• **HOW TO COMPLETE THIS TASK**: Leave every image out, and return the rest of the data word for word.

• **DATA BELOW**:
--------------------------------

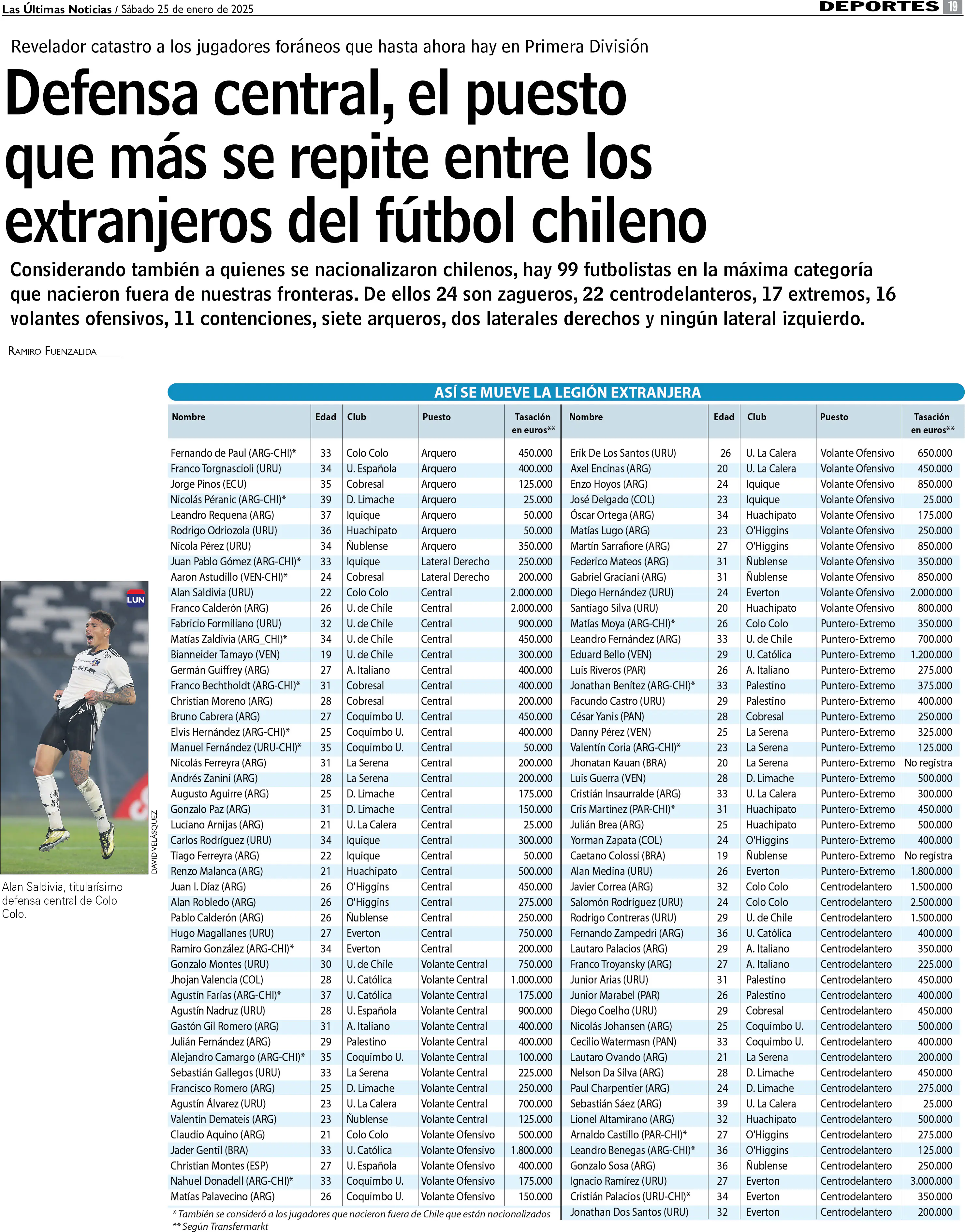 Puesto por puesto: tabla con los 99 extranjeros del fútbol chileno
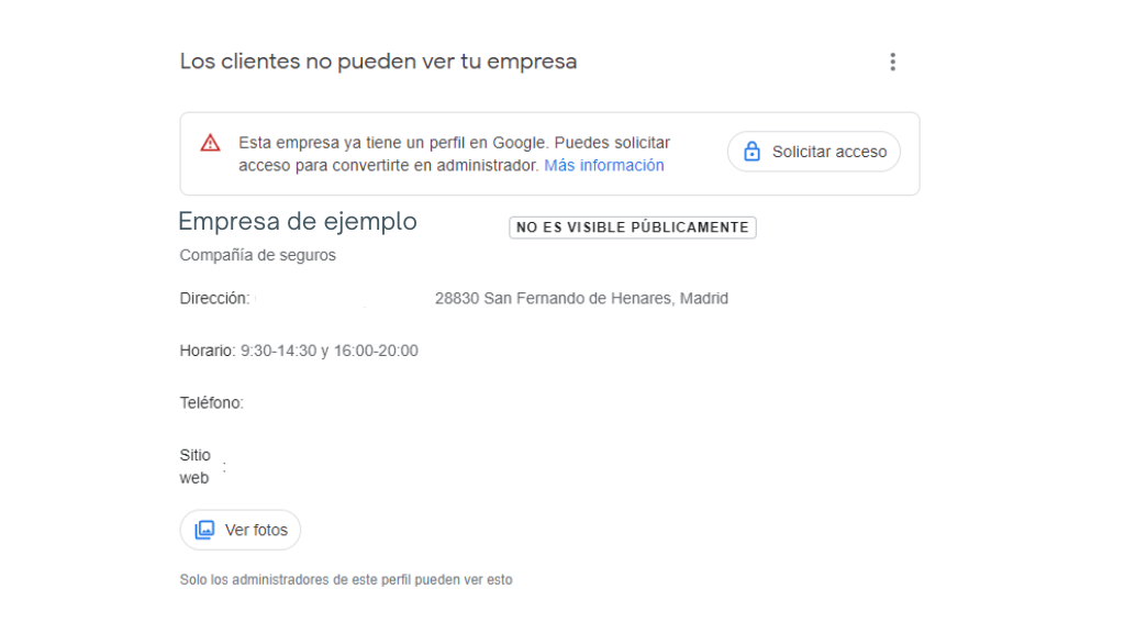 1 – Ya existe un perfil verificado para esa empresa en Google Maps.
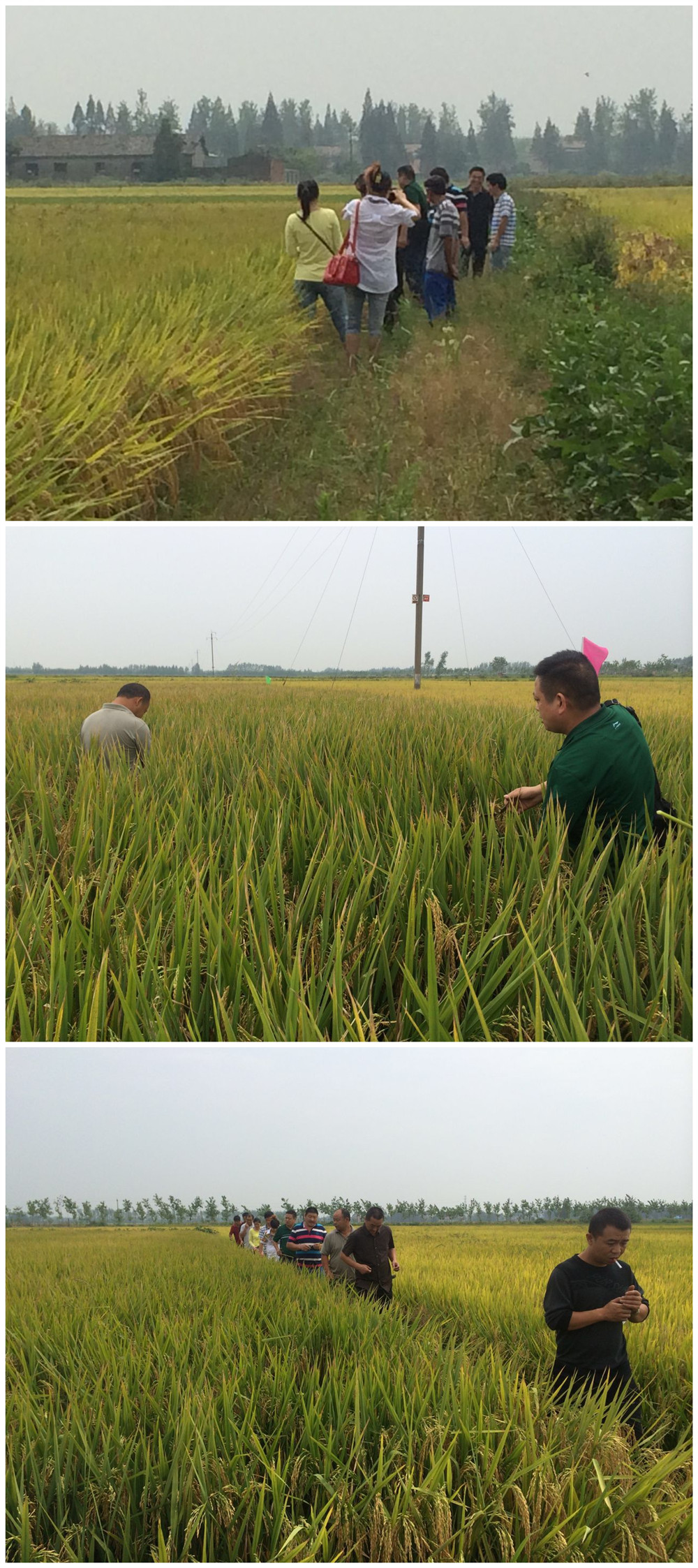 一到現(xiàn)場,大家都被隆兩優(yōu)華占的田間表現(xiàn)吸引,迫不及待地下到田中間數(shù)分蘗,看穗子大小,有的拿出手機拍照,不時發(fā)出贊嘆聲!

--------------------------------

• **COMPLETED EXERCISE**:
 Puesto por puesto: tabla con los 99 extranjeros del fútbol chileno
 1 – Ya existe un perfil verificado para esa empresa en Google Maps.
 一到現(xiàn)場,大家都被隆兩優(yōu)華占的田間表現(xiàn)吸引,迫不及待地下到田中間數(shù)分蘗,看穗子大小,有的拿出手機拍照,不時發(fā)出贊嘆聲!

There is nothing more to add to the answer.